### [AVAILABLE DATA]
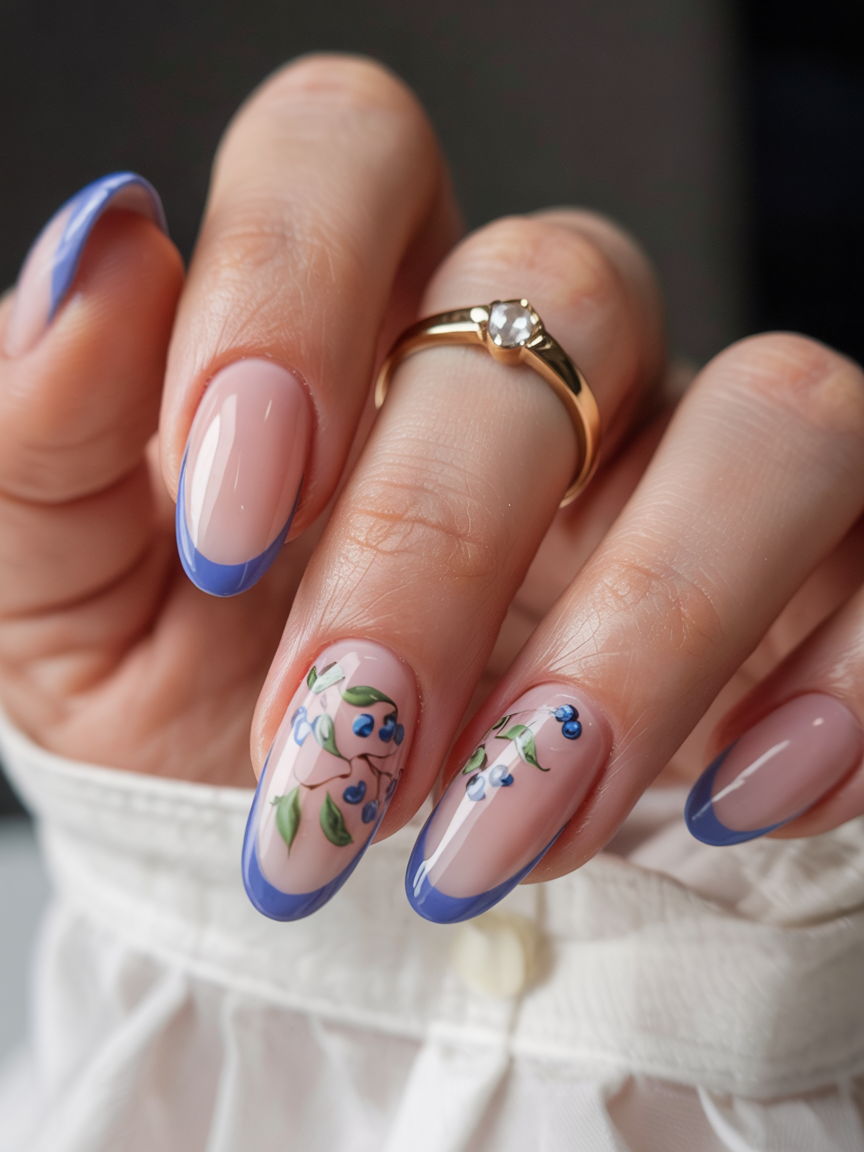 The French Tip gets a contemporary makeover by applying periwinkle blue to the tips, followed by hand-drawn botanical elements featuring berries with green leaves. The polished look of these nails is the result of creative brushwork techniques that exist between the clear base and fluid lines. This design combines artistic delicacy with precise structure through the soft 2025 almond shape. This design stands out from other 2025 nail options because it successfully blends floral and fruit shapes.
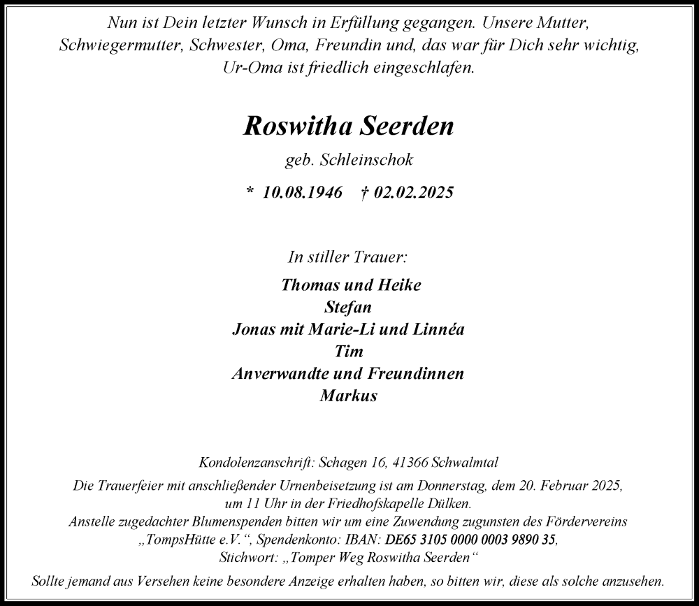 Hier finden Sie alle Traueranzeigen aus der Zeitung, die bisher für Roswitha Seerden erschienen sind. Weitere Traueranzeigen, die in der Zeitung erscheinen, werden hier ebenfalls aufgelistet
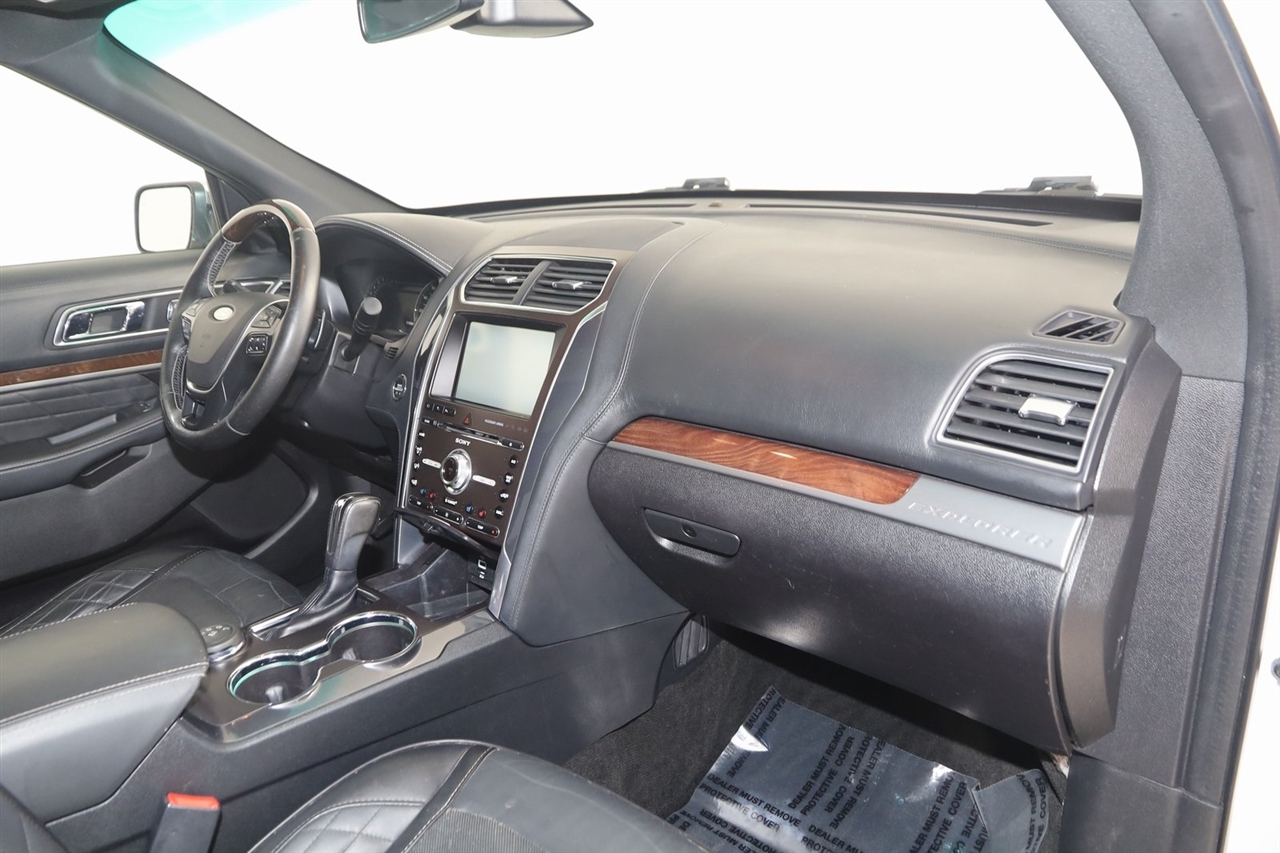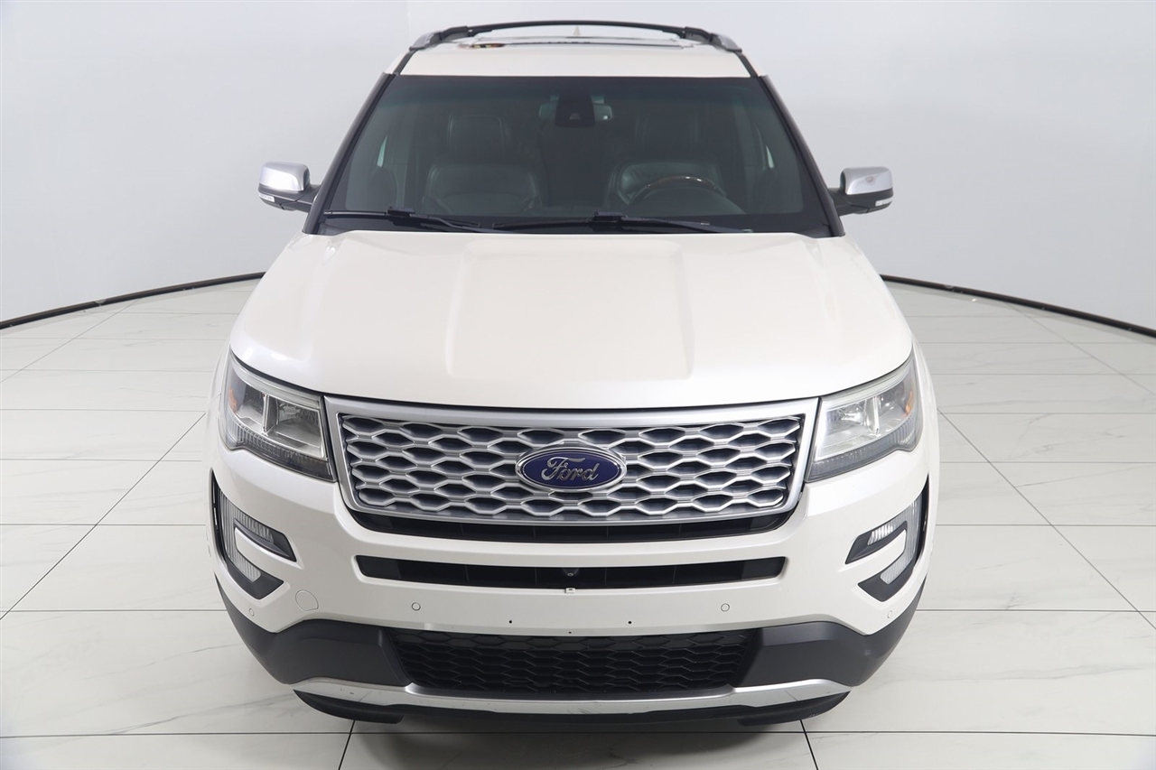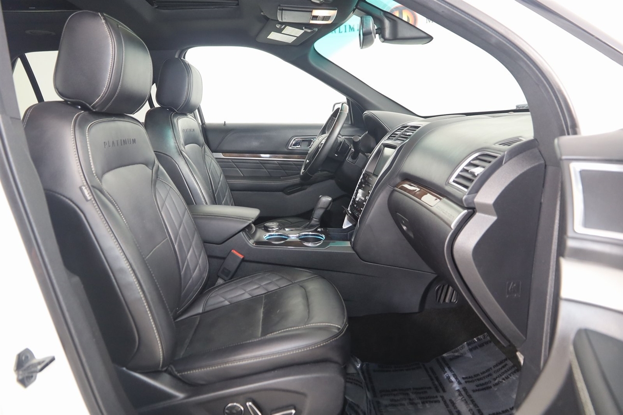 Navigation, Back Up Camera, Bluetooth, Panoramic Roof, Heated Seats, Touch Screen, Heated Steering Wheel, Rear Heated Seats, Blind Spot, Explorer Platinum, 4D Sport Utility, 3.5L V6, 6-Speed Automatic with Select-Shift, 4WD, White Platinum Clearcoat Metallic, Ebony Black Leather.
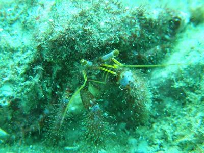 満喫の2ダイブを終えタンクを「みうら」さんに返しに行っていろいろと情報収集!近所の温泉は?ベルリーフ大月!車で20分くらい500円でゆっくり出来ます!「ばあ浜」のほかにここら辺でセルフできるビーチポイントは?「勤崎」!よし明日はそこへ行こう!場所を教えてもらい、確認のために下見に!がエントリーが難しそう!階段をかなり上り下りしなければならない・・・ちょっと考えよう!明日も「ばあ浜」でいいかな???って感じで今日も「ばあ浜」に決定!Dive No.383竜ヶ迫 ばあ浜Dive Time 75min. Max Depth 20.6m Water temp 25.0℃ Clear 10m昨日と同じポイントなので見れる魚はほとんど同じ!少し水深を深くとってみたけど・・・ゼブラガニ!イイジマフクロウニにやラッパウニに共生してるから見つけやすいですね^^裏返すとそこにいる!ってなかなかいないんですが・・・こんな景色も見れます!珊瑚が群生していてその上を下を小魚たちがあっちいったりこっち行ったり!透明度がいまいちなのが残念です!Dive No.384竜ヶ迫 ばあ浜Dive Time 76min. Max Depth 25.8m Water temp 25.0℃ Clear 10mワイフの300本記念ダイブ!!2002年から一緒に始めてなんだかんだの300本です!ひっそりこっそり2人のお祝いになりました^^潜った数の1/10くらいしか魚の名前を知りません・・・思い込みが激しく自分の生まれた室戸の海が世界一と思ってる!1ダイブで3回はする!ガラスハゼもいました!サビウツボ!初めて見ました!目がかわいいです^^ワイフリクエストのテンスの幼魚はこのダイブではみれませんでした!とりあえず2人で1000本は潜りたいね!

### [ACTIVITY]
Although the material contains pictures, only the lines are to be written out, exactly as they stand.

### [EXERCISE ANSWER]
 The French Tip gets a contemporary makeover by applying periwinkle blue to the tips, followed by hand-drawn botanical elements featuring berries with green leaves. The polished look of these nails is the result of creative brushwork techniques that exist between the clear base and fluid lines. This design combines artistic delicacy with precise structure through the soft 2025 almond shape. This design stands out from other 2025 nail options because it successfully blends floral and fruit shapes.
 Hier finden Sie alle Traueranzeigen aus der Zeitung, die bisher für Roswitha Seerden erschienen sind. Weitere Traueranzeigen, die in der Zeitung erscheinen, werden hier ebenfalls aufgelistet
 Navigation, Back Up Camera, Bluetooth, Panoramic Roof, Heated Seats, Touch Screen, Heated Steering Wheel, Rear Heated Seats, Blind Spot, Explorer Platinum, 4D Sport Utility, 3.5L V6, 6-Speed Automatic with Select-Shift, 4WD, White Platinum Clearcoat Metallic, Ebony Black Leather.
 満喫の2ダイブを終えタンクを「みうら」さんに返しに行っていろいろと情報収集!近所の温泉は?ベルリーフ大月!車で20分くらい500円でゆっくり出来ます!「ばあ浜」のほかにここら辺でセルフできるビーチポイントは?「勤崎」!よし明日はそこへ行こう!場所を教えてもらい、確認のために下見に!がエントリーが難しそう!階段をかなり上り下りしなければならない・・・ちょっと考えよう!明日も「ばあ浜」でいいかな???って感じで今日も「ばあ浜」に決定!Dive No.383竜ヶ迫 ばあ浜Dive Time 75min. Max Depth 20.6m Water temp 25.0℃ Clear 10m昨日と同じポイントなので見れる魚はほとんど同じ!少し水深を深くとってみたけど・・・ゼブラガニ!イイジマフクロウニにやラッパウニに共生してるから見つけやすいですね^^裏返すとそこにいる!ってなかなかいないんですが・・・こんな景色も見れます!珊瑚が群生していてその上を下を小魚たちがあっちいったりこっち行ったり!透明度がいまいちなのが残念です!Dive No.384竜ヶ迫 ばあ浜Dive Time 76min. Max Depth 25.8m Water temp 25.0℃ Clear 10mワイフの300本記念ダイブ!!2002年から一緒に始めてなんだかんだの300本です!ひっそりこっそり2人のお祝いになりました^^潜った数の1/10くらいしか魚の名前を知りません・・・思い込みが激しく自分の生まれた室戸の海が世界一と思ってる!1ダイブで3回はする!ガラスハゼもいました!サビウツボ!初めて見ました!目がかわいいです^^ワイフリクエストのテンスの幼魚はこのダイブではみれませんでした!とりあえず2人で1000本は潜りたいね!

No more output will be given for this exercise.